**WORK TO BE COMPLETED**
Lines from the one containing "Manfinity Hypemode Plus" through the end of the material are to be retyped exactly; do not copy pictures.

*** Opening RECORDS SHOWN ***

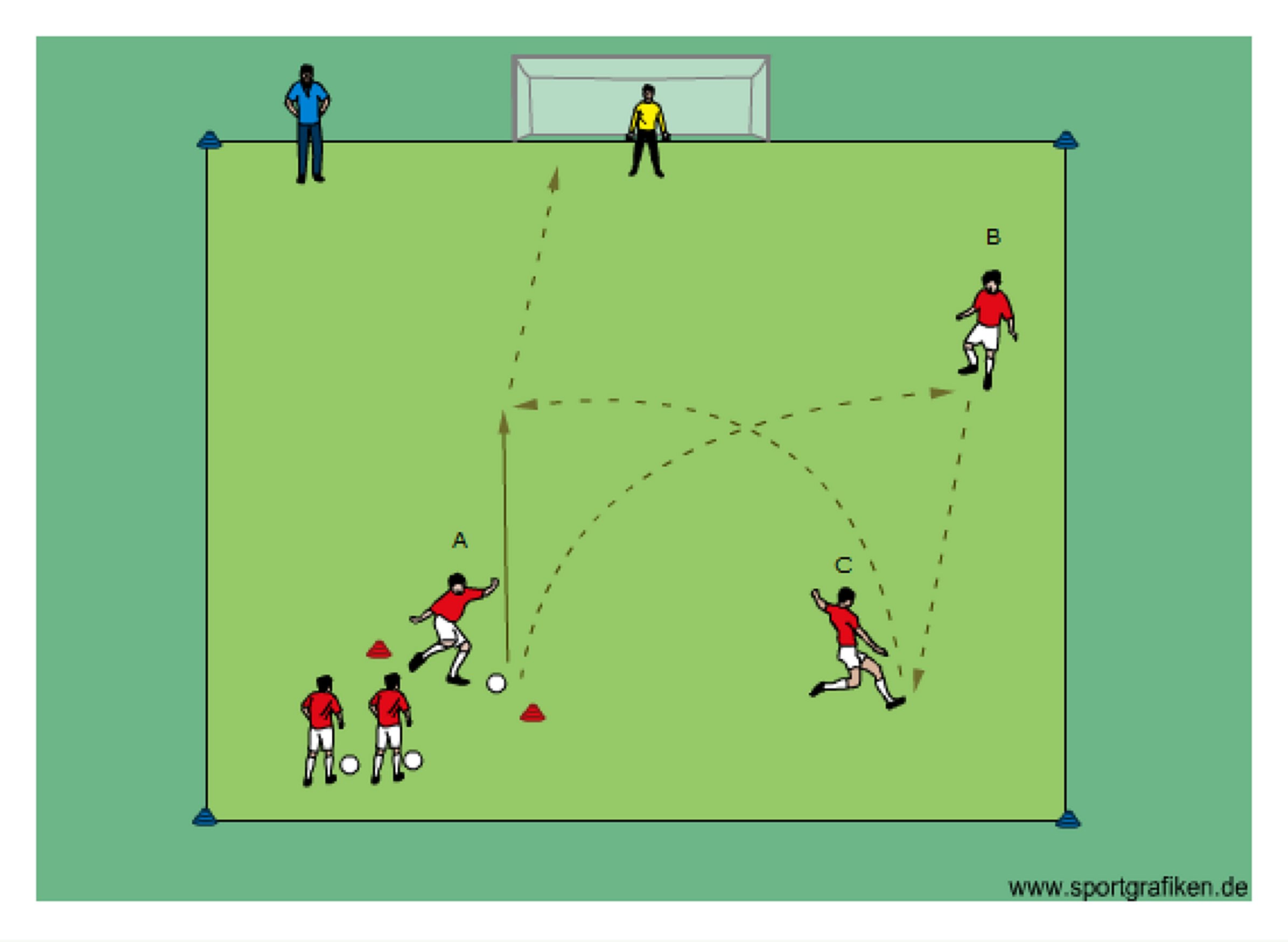 - players A plays a long pass to player B who lays it off to player C who plays a long pass back to player A who
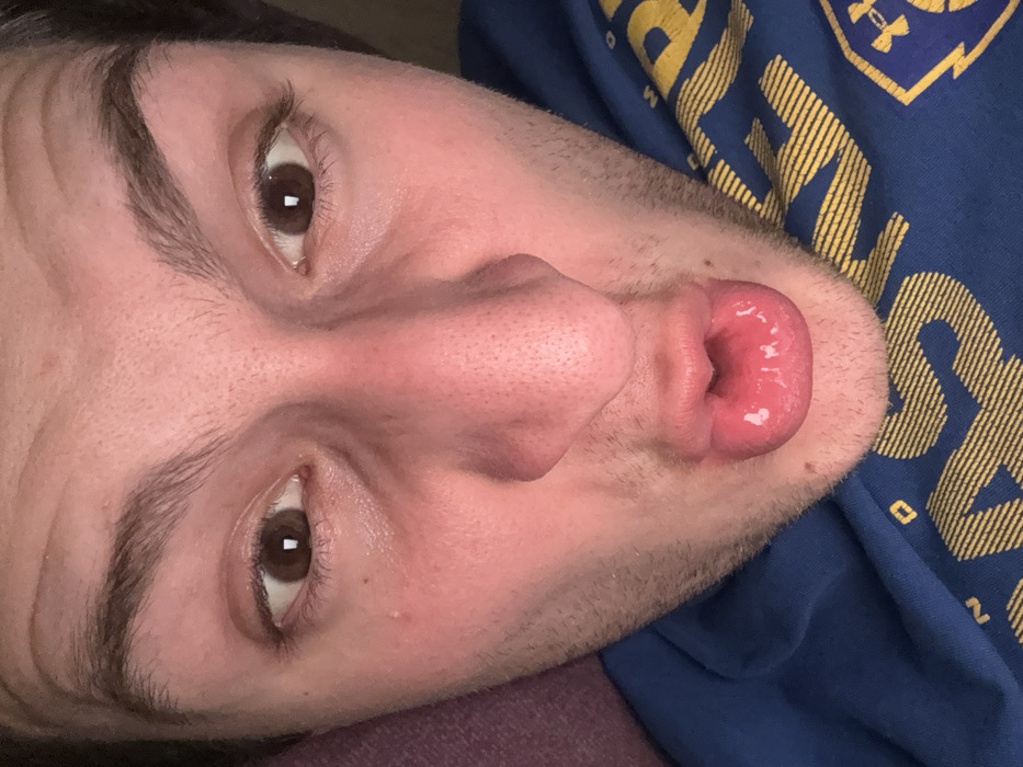A close-up, head-on portrait of a male subject, located in Novate Milanese, Italy. The individual has dark brown eyes, visible dark eyebrows, and a light complexion exhibiting minor redness around the nose and cheeks. His mouth is actively pursed into an 'O' shape, with both lips appearing glossy. Short stubble is present on his chin and jawline. He wears a blue garment with yellow markings; specifically, partial 'Under Armour' branding is discernible on the right chest area. A purple textile surface is partially visible behind the left side of his head and shoulder. The lighting is direct, illuminating the face from the front.
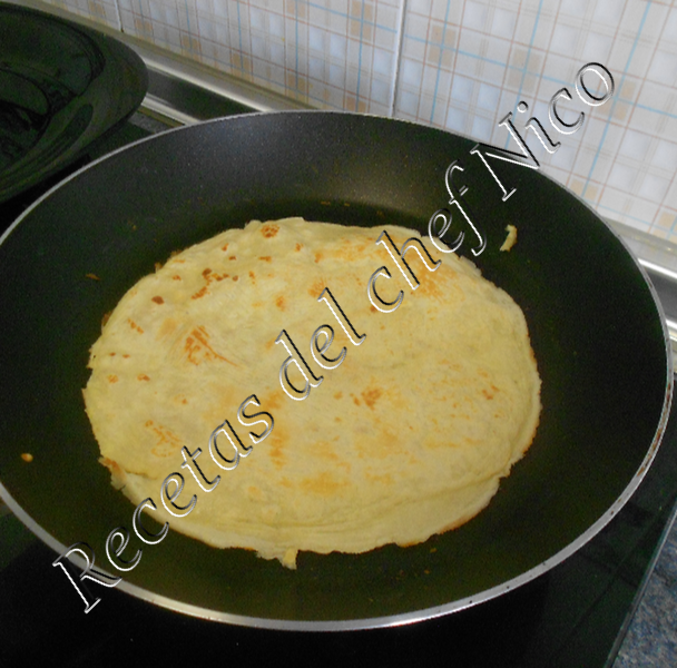 5.Después de unos 30 segundo, con una espátula vamos separando los bordes de la crepe pegados a la sartén y si al levantarla un poco, vemos que está con un color marroncito claro, le damos la vuelta y esperamos unos 20 segundo, después la sacamos. Esta operación (desde el punto 4 al 5) la repetimos hasta terminar con la masa.
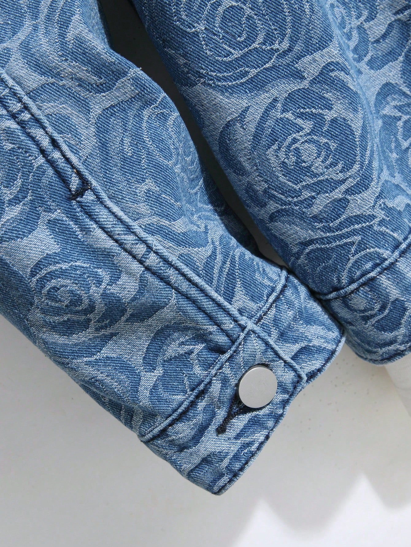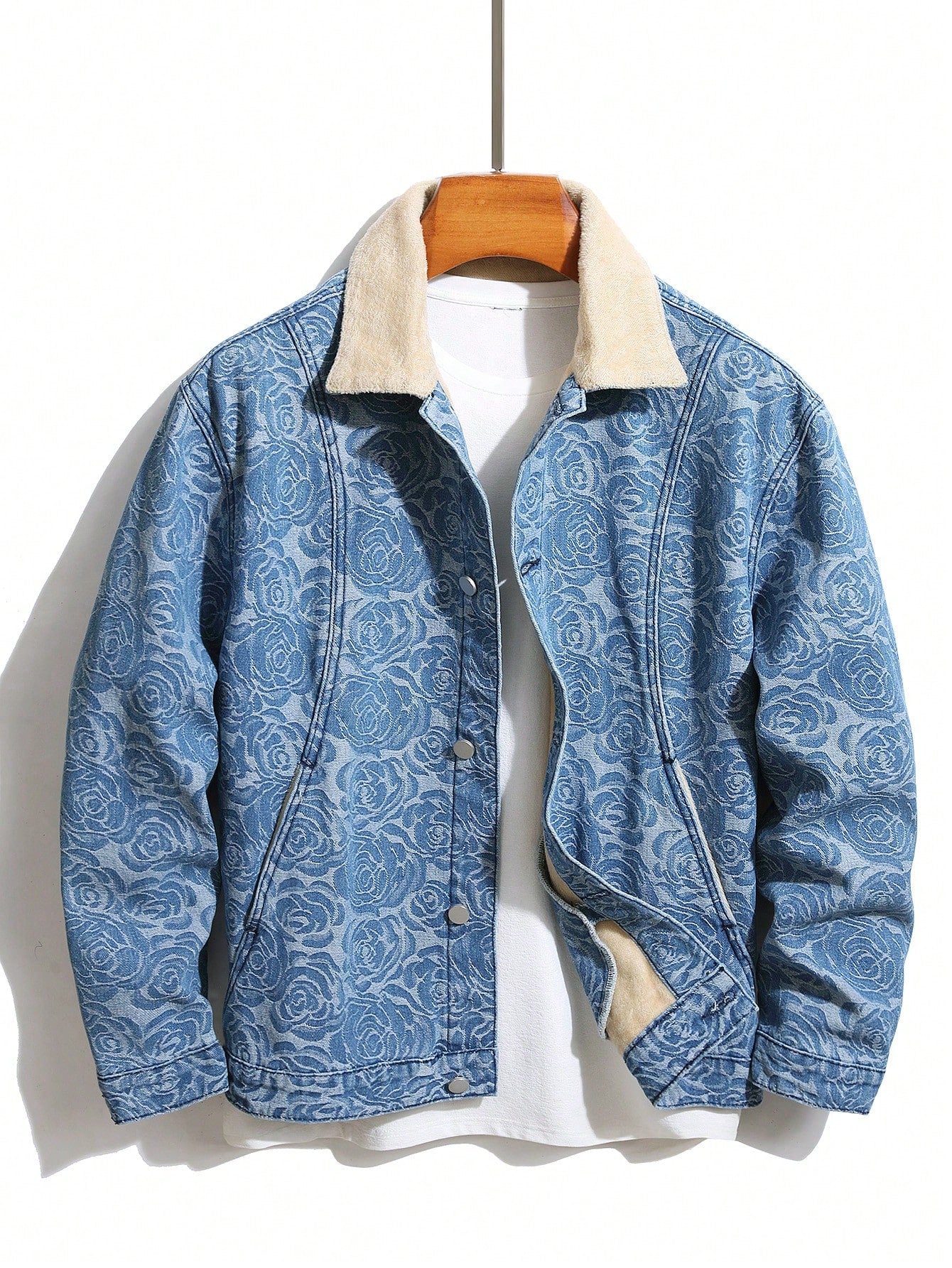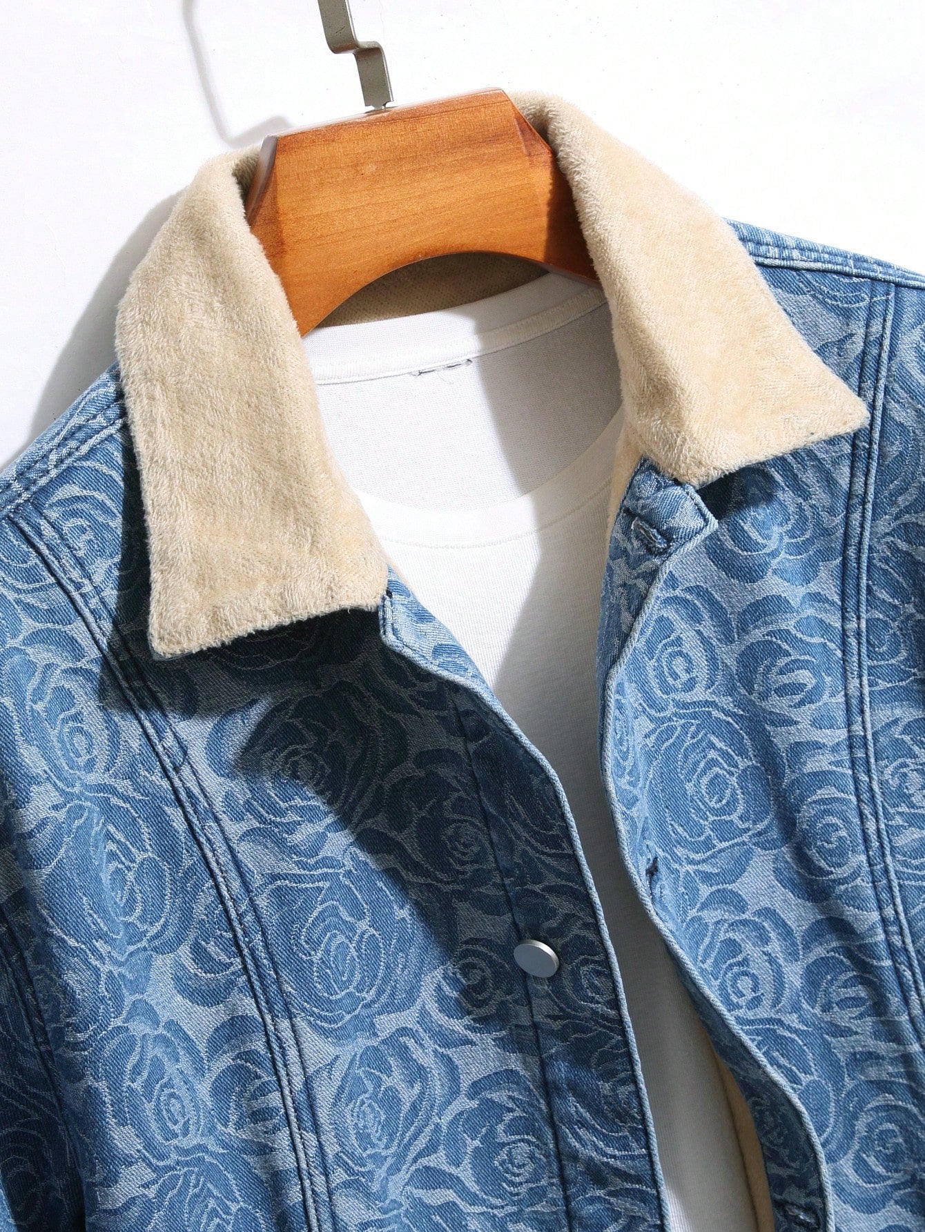 Manfinity Hypemode Plus Size Men's Casual Denim Jacket With Allover Floral Print And Front Button, Long
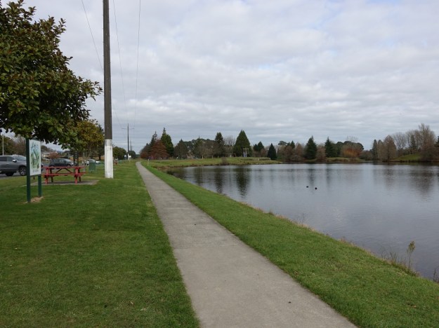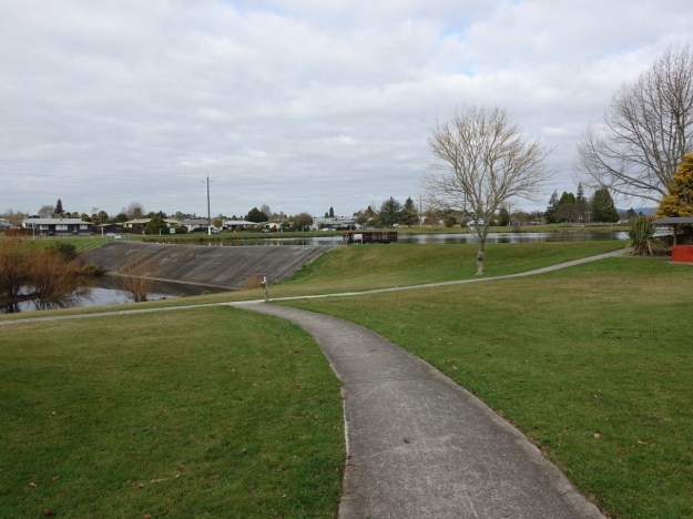 Arawa Crescent, seen with the parking area on the left, borders the eastern side of the lake. The concrete pathway runs all the way around the lake. A large children’s playground is located by the trees at the centre of the picture.

*** Closing RECORDS SHOWN ***

**FINISHED TASK**
 Manfinity Hypemode Plus Size Men's Casual Denim Jacket With Allover Floral Print And Front Button, Long
 Arawa Crescent, seen with the parking area on the left, borders the eastern side of the lake. The concrete pathway runs all the way around the lake. A large children’s playground is located by the trees at the centre of the picture.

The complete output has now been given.